Papierberg voller Zeitzeugen
Historiker hat Abhörprotokolle aus US-Gefangenenlager ausgewertet

Für alle, die wissen möchten, ob unsere Vorfahren zwischen 1933 und 1945 in moralischer Hinsicht völlig versagt haben, ist das Buch „Kameraden. Die Wehrmacht von innen“ von Felix Römer ein Glücksfall, mit dem niemand mehr gerechnet hat. Viele Zeugen konnten schon bisher befragt werden, aber nun sind Tausende hinzugekommen, die mit ihren Bekundungen das Urteil auf eine noch breitere Basis stellen.

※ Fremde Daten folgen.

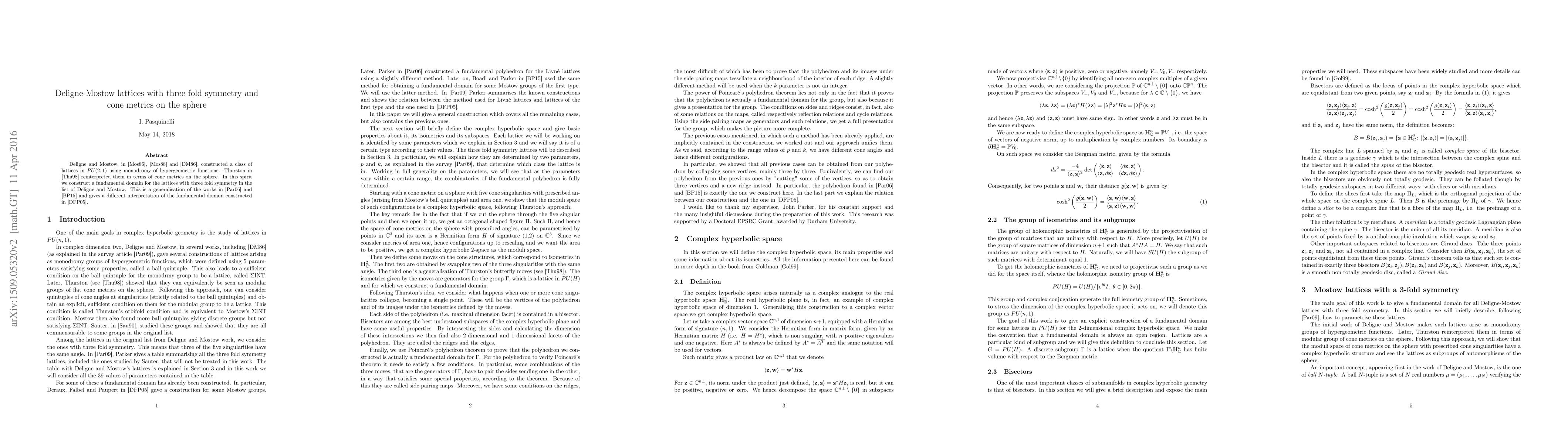 This paper constructs a fundamental domain for Deligne-Mostow lattices exhibiting three fold symmetry, generalizing previous work by Parker, Boadi, and others. It reinterprets these lattices in terms of cone metrics on the sphere, offering a new perspective on the fundamental domain previously developed by Deraux, Falbel, and Paupert.
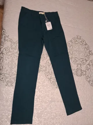 Pantalones chinos de color azul, en buen estado. - Corte recto. - Dos bolsillos delanteros. - Dos bolsillos traseros con botón. - Cierre con botón y cremallera. talla 16
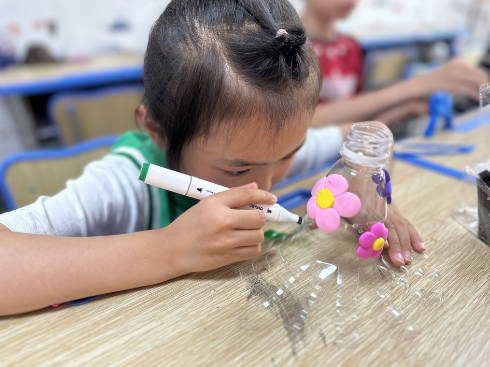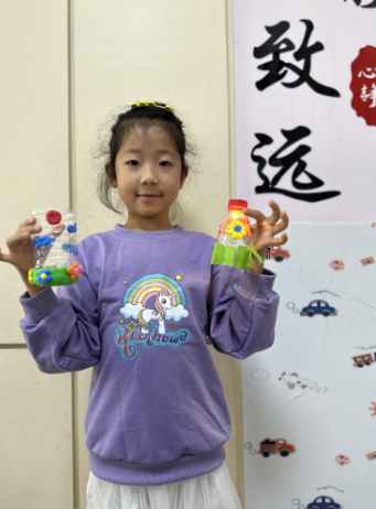 在了解垃圾分類知識(shí)后,孩子們利用身邊廢棄的礦泉水瓶、玻璃瓶、紙箱等物品,發(fā)揮自己的想象力,創(chuàng)造出了一件件充滿創(chuàng)意“新物”。
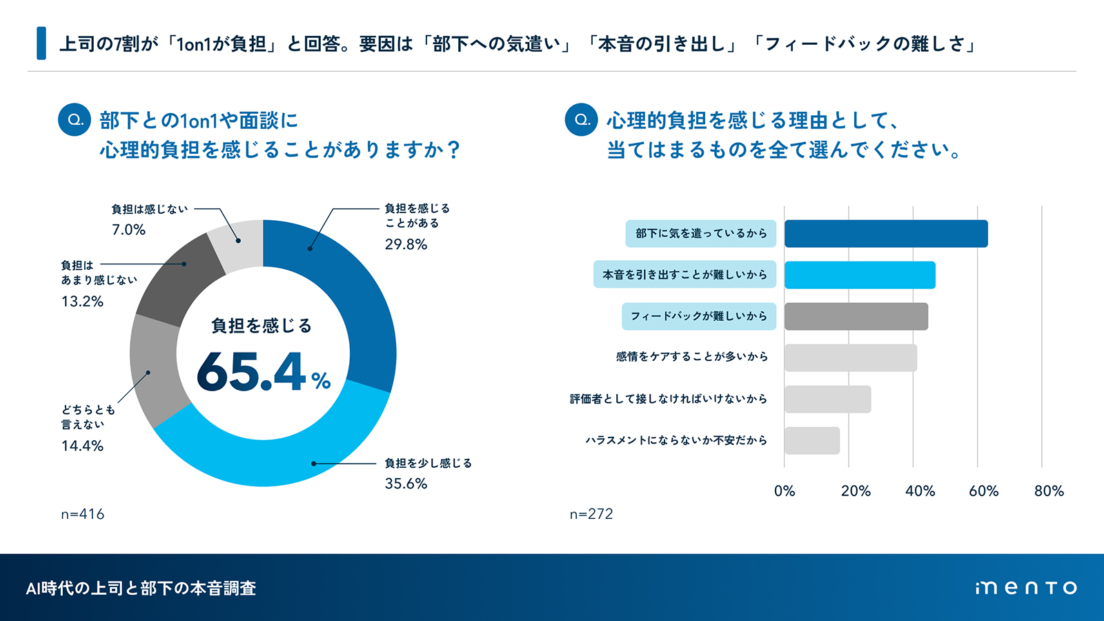 上司に対して「部下との1on1や面談に心理的負担を感じることがありますか?」と質問すると、「負担を感じることがある」(29.8%)と「負担を少し感じることがある」(35.6%)を合わせて65.4%が負担を感じているという。理由では、「部下に気を遣っているから」(62.5%)、「本音を引き出すことが難しいから」(44.1%)、「フィードバックが難しいから」(43.0%)が上位となった。

Rund 17 Millionen deutsche Soldaten dienten in der fraglichen Zeit in den deutschen Streitkräften, Hunderttausende gerieten in US-amerikanische Gefangenschaft, 3000 wurden in Fort Hunt bei Gesprächen mit Mitgefangenen heimlich abgehört. So entstanden über 100000 Seiten Protokoll, die unbeachtet verwahrt wurden, bis sie durch Zufall wieder auftauchten.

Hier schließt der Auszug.